Of course Brahman is sentient. After all Brahman is consciousness itself. The Atman, equated to Brahman according to Advaita Vedanta, is always a witness to our actions. This would hardly be possible if Brahman is not sentient.

No act done with the aid of the five organs of sensual perception, is ever lost. The five sensual organs and the immortal soul which is the sixth, remain its witnesses.
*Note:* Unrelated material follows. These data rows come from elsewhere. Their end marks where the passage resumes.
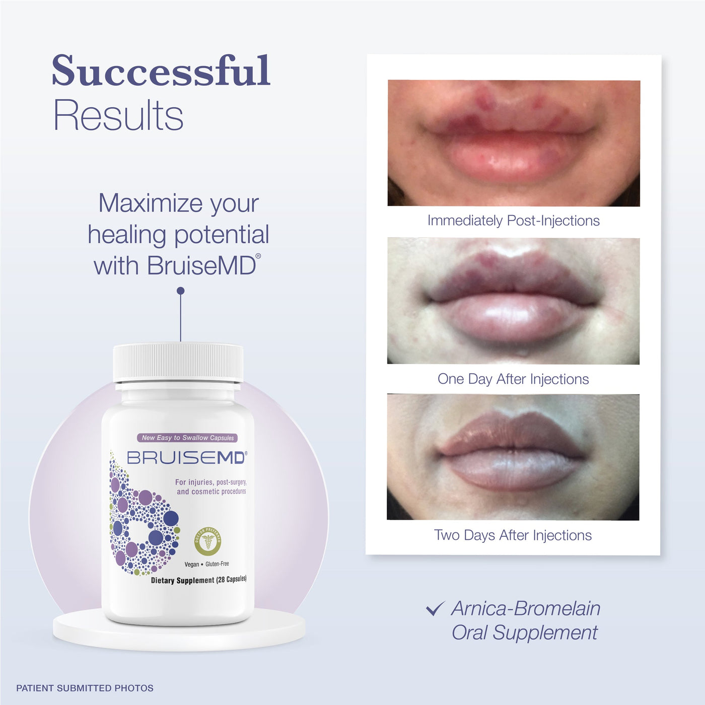 BruiseMD provides nutritional support for the normal body functions of healing. It features Arnica montana blossom and bromelain, an enzyme found in the stem of pineapples. Additional ingredients include Grapeseed Extract, Vitamin C, Zinc, Rutin, and multiple Citrus Bioflavinoids. These ingredients go to work quickly to enhance your body's ability to reduce swelling and bruising related to surgery, cosmetic procedures, or injuries.*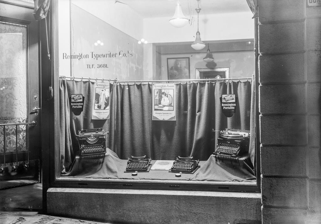 Remington Typewriter Co. A/S, Ole Bulls plass 6. Vindusutstilling. Fire skrivemaskiner utstilt. To av de portable. Ca 1927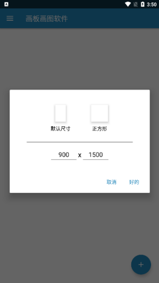 1、启动应用后,在首页点击"+"按钮创建新画布,支持自定义画布尺寸规格;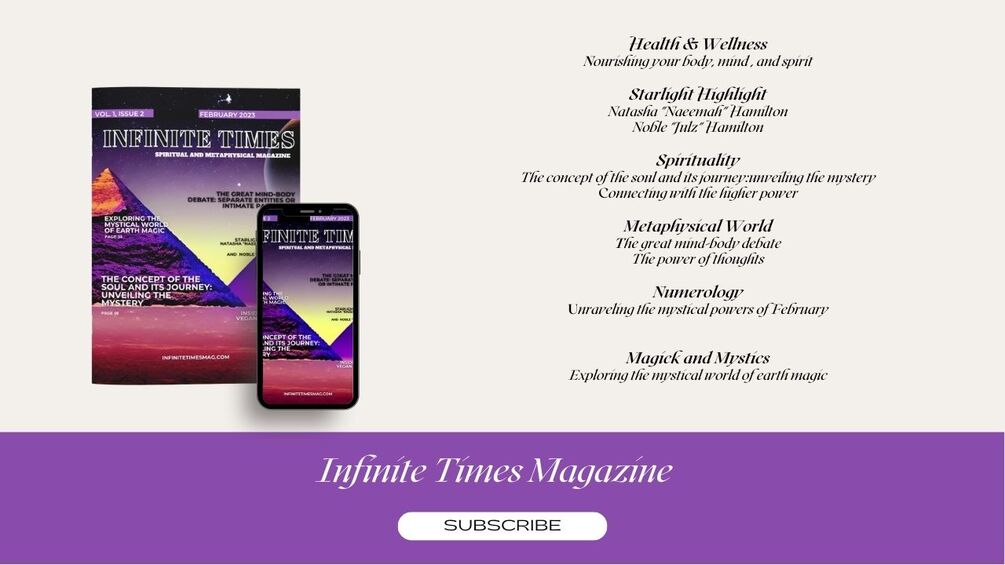 This issue of the magazine is dedicated to Health & Wellness and focuses on nourishing the body, mind, and spirit. The Starlight Highlight features interviews with Natasha "Naeemah" Hamilton and Noble "Julz" Hamilton, while the Spirituality section delves into the concept of the soul and its journey, and connecting with a higher power. The Metaphysical World section explores the mind-body debate and the power of thoughts, while Numerology unravels the mystical powers of February. Finally, the Magick and Mystics section takes readers on a journey into the mystical world of earth magic. Overall, this issue offers a range of insights and perspectives on how to achieve holistic well-being.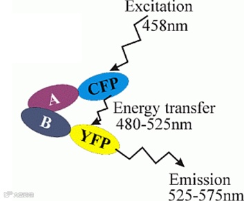 注解:A、B 为两个生物大分子,分别与供体 CFP 和受体 YFP 相连,通过供体-受体的 FRET 信号,可以得知 A 与 B 是否存在相互作用。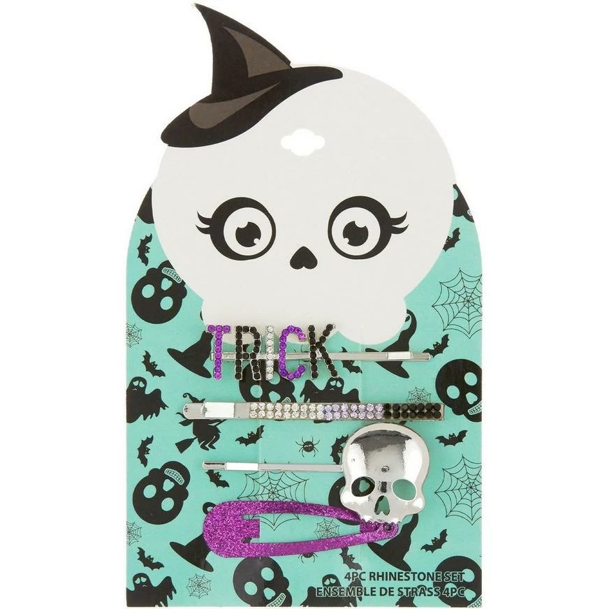 Get Halloween hair with this bobby pin and hair clip set! The set includes three bobby pins: one with “Trick” in black and purple rhinestones, one with just white and black rhinestones, and one with a silver skull. Also included is a purple glitter hair clip.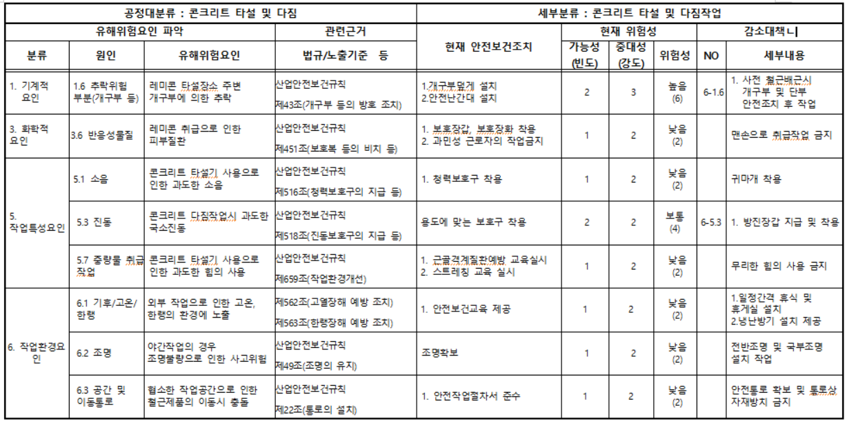 콘크리트 다짐 위험성평가 (예시)

Mahabharata Anusasana Parva Section VII

However, Brahman's sentience is not like ours. Our sentience depends on Brahman while Brahman is sentient independent of the senses.

Vedanta emphasizes the unknowability and indescribability of Ultimate Reality. Though unknown and unknowable, Brahman is the eternal "Knower of knowing" and also the goal of all knowledge. It is the Consciousness that functions through the senses but cannot be known by them.

Discussion of Brahman in the Upanishads, Nirguna Brahman, in The Upanishads translated by Swami Nikhilananda

Sentient - something/someone able to perceive/feel things

Sankara who can be regarded as a founder(or say, popularizer) of Advaita Vedanta says that Brahman is of two types:

  1. Saguna Brahman-literally means absolute with qualities. It is what people would call Krishna, Ram, Shiva. If the world is considered real for practical purposes, then god is regarded as the creator, preserver, and destroyer. Logically this god also has qualities of omniscience and is an all-pervading, omnipotent being. Clearly, according to this view, Brahman(or god) is a sentient being who is all loving, all powerful, all-pervading and can and therefore should interfere in the world affairs.

  2. Nirguna Brahman- literally means absolute without qualities is the Brahman that is devoid of any characteristics or qualities. This is the real or higher Brahman which cannot be described by any characters mental and non-mental. Hence is called infinite, real, consciousness(although this too is not the final description) According to Sankara's Advaita Vedanta, the world as we see is only an illusion, a mere show. And so those who believe the world to be real, accept this creator(saguna brahman) description of god.The goal of advaita Vedanta to realize this non-dual nirguna Brahman.